Even though it was published in the earliest days of the internet, this 1996 article about helping people learn to use computers still rings true.

Do you find yourself falling into any of these traps when you're teaching users about your systems? This was written at a time when people were logging onto the network using modems and operating systems that are primitive by today's standards, so obviously things are quite different now. In a lot of ways, things are better now. Twenty years ago, few people outside of IT knew much about computer basics or getting online:

Computer people are fine human beings, but they do a lot of harm in the ways they "help" other people with their computer problems. Now that we're trying to get everyone online, I thought it might be helpful to write down everything I've been taught about helping people use computers.

First you have to tell yourself some things:

Nobody is born knowing this stuff.
You've forgotten what it's like to be a beginner.
If it's not obvious to them, it's not obvious.

Have you forgotten what it's like to be a beginner? Most users today have literally grown up with computers, but that doesn't mean they really understand what goes on under the hood. Pretty much anyone under the age of 80 can get online--and quite a few octogenarians can, too! However, simple access to mobile devices and user-friendly operating systems doesn't make anyone a techie.

And don't ignore the learning curve for actual techies, either. Not all of us come from UNIX/Linux backgrounds and have spent decades working from a command line. You may be comfortable with AIX or the VIO server, but these environments can be intimidating to newbies:

Beginners face a language problem: they can't ask questions because they don't know what the words mean, they can't know what the words mean until they can successfully use the system, and they can't successfully use the system because they can't ask questions.

You are the voice of authority. Your words can wound.

Computers often present their users with textual messages, but the users often don't read them.
By the time they ask you for help, they've probably tried several things. As a result, their computer might be in a strange state. This is natural.

They might be afraid that you're going to blame them for the problem.

The best way to learn is through apprenticeship--that is, by doing some real task together with someone who has a different set of skills.

Your primary goal is not to solve their problem. Your primary goal is to help them become one notch more capable of solving their problem on their own. So it's okay if they take notes.

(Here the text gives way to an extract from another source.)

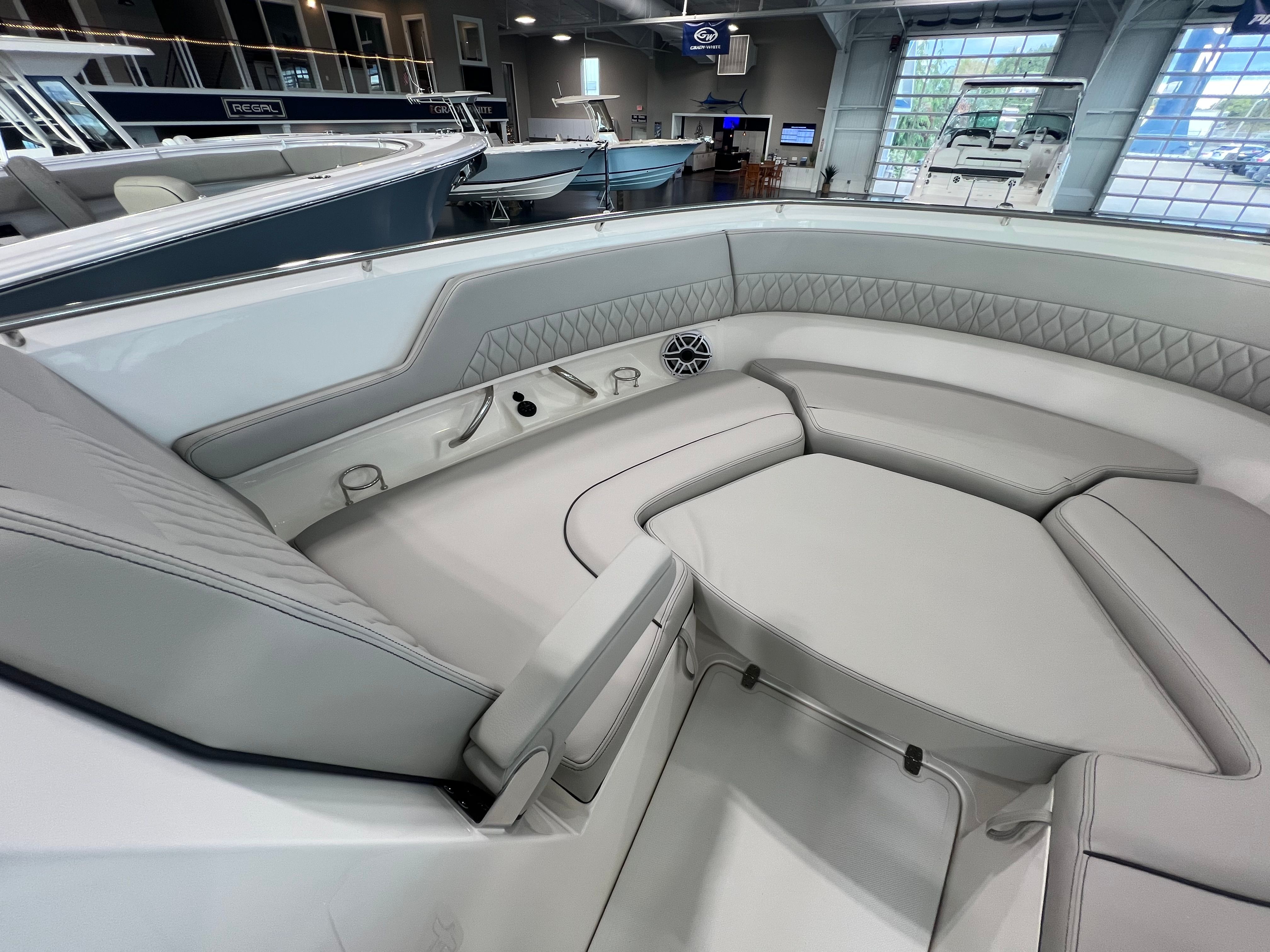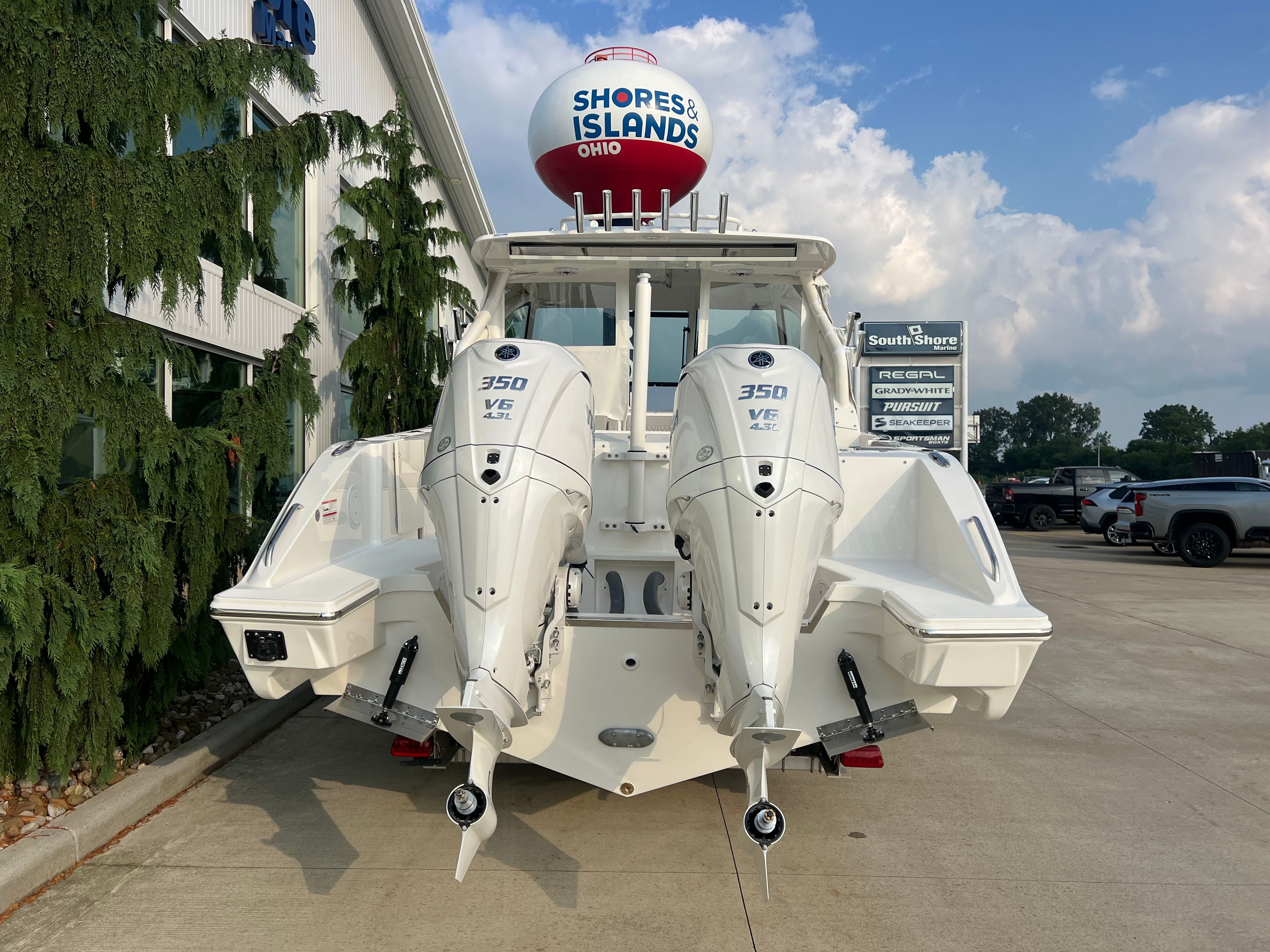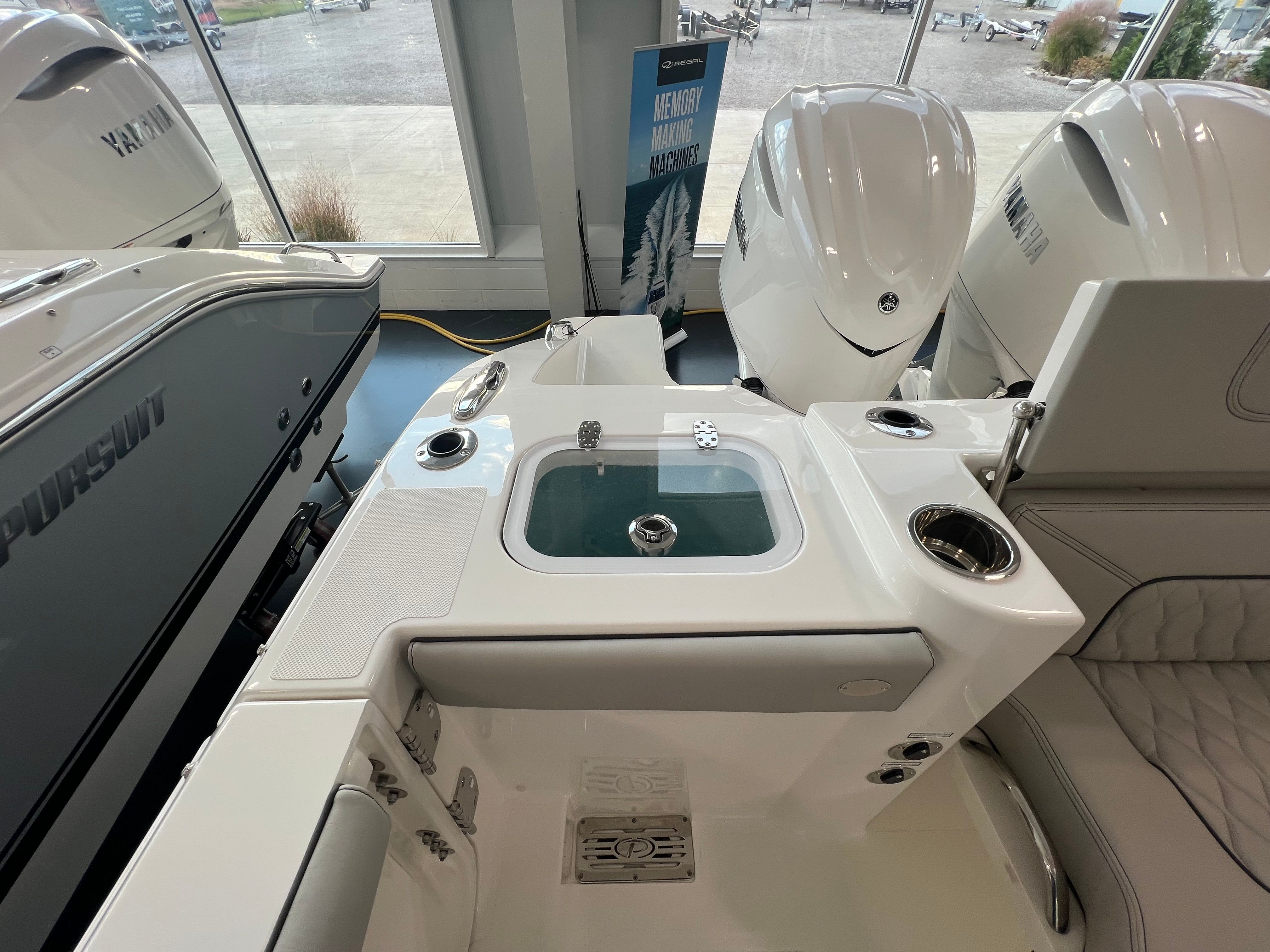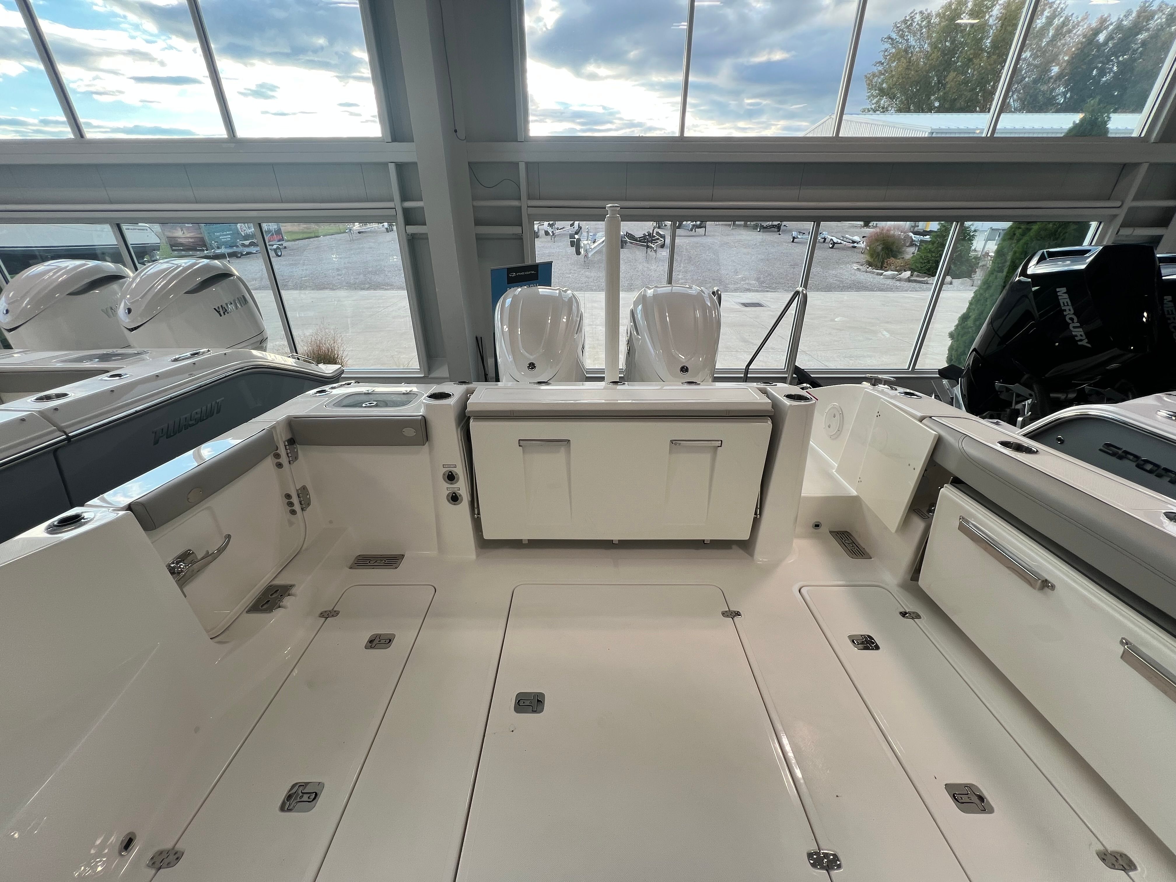 Power and precision define the performance of the Pursuit 326 DC. Equipped with twin engines delivering a combined 700 horsepower, this Dual Console boat is built for exhilarating speed, smooth handling, and reliable performance in a variety of conditions. Whether you are cruising along the coastline, heading out for a day of fishing, or making a quick run to your favorite waterfront restaurant, the Pursuit 326 DC responds with agility and confidence. The advanced hull design ensures a stable, dry ride, while the responsive controls make docking and maneuvering effortless, even for less experienced boaters.

Personally, I love WebEx and other screen sharing technology. There's nothing better than getting on a shared screen session and a call and walking through an issue. There are multiple ways that I can coach them through it. They can just watch me, or even better, I can watch them figure it out for themselves:

Don't take the keyboard. Let them do all the typing, even if it's slower that way, and even if you have to point them to every key they need to type. That's the only way they're going to learn from the interaction.

Try not to ask yes-or-no questions. Nobody wants to look foolish, so their answer is likely to be a guess. "Did you attach to the file server?" will get you less information than "What did you do after you turned the computer on?"

Take a long-term view. Who do users in this community get help from? If you focus on building that person's skills, the skills will diffuse to everyone else.

Never do something for someone that they are capable of doing for themselves.

Take the time to read the whole thing. And if you like that, you may want to peruse this archive of articles on a variety of interesting topics that were published from 1994-1996.

It's interesting to see not only how technology has changed over time, but what hasn't changed. I can't help but wonder what it will be like 20 years from now. What will be different? What will be the same?